When you decompose ammonia (NH3) you get heat and can throw the N2 formed into the air and even Green Peace’s idiots** know that is OK.

The resulting H2 can be burned to H2O, which also is harmless to discharge into the air.

Ammonia is relative cheap to make - if it were not farmers would not be injecting solution of it (I think) into the soil of their farms. - I think that is the major commercial use of NH3 today.

I am not much of a chemist, but can someone who is tell me why do we not use these facts to make ammonia fuel for cars and trucks, etc?
---------------------------
*True because each molecule has 3 atoms of hydrogen, instead of 2 in it.
**The ones that have blocked the development of safe nuclear power in US for 30+years with the net result that much more CO2 has been dumped into the air and global warming is now a serious enviromental problem, not to mention all the SO2 that has been released, killing fish in Adrondac and N. European lakes, even killing some forests with the "acid rain" SO2 becomes. etc.

My contribution, although I'm not chemist.

Ammonia fuel cell

United States Patent 7157166

This invention refers to generating electrical energy comprising an ammonia fuel cell for generating electrical energy including a catalyst being in contact with a high temperature proton conducting membrane and the catalyst comprising at least one decomposition catalyst which causes NH3 to decompose to N2 and H2 and at least one catalytic anode which dissociates and ionizes H2 into H+ and electrons, the fuel cell further including at least one catalytic cathode for reaction of H+, electrons and oxygen to form H2O, an external circuit from the catalytic anode to the catalytic cathode, an ammonia source for introducing ammonia into the fuel cell, a gas exit for N2, and an oxygen source.


Also, Ammonia Cracker has been developed two years ago by Apollo Energy Systems to extract hydrogen from ammonia for fuel.

More here (http://pesn.com/2005/05/24/6900101_ZAP_ammonia_cracker/).

Creating the fertilizers (NH3) that farmers use requires a great deal of energy. Energy we get from fossil fuels.

Right now, most ammonia is manufactured from hydrogen and nitrogen, using a lot of electricity.
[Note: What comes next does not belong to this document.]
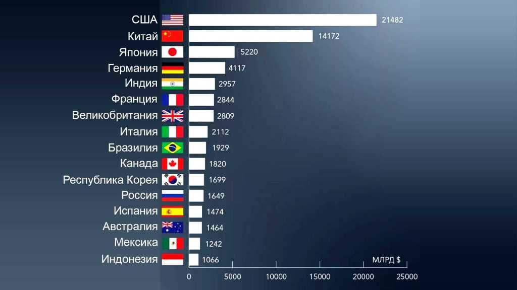 Более показательным является график среднегодового ВВП в абсолютном выражении за последние два десятилетия. И здесь США уверенно удерживают первое место. Некоторое снижение показателей можно объяснить коронационным кризисом. Изображение с сайта yandex.ru.

Not much use cracking ammonia to get a raw material that it is manufactured from.

http://en.wikipedia.org/wiki/Ammonia

Here are some of the reasons for not using ammonia as opposed to hydrogen

1) It puts off Nitrous Oxide which is very bad for you

2) It smells awful

3) It is more expensive to produce than Hydrogen

Here are some of the reasons for not using ammonia as opposed to hydrogen
1) It puts off Nitrous Oxide which is very bad for you
2) It smells awful
3) It is more expensive to produce than HydrogenCan yo say a little more on (1)? Are you just referring to the NOx that is made when any fuel is burned in modern high compression / high temperature engine, or something specific to HN3?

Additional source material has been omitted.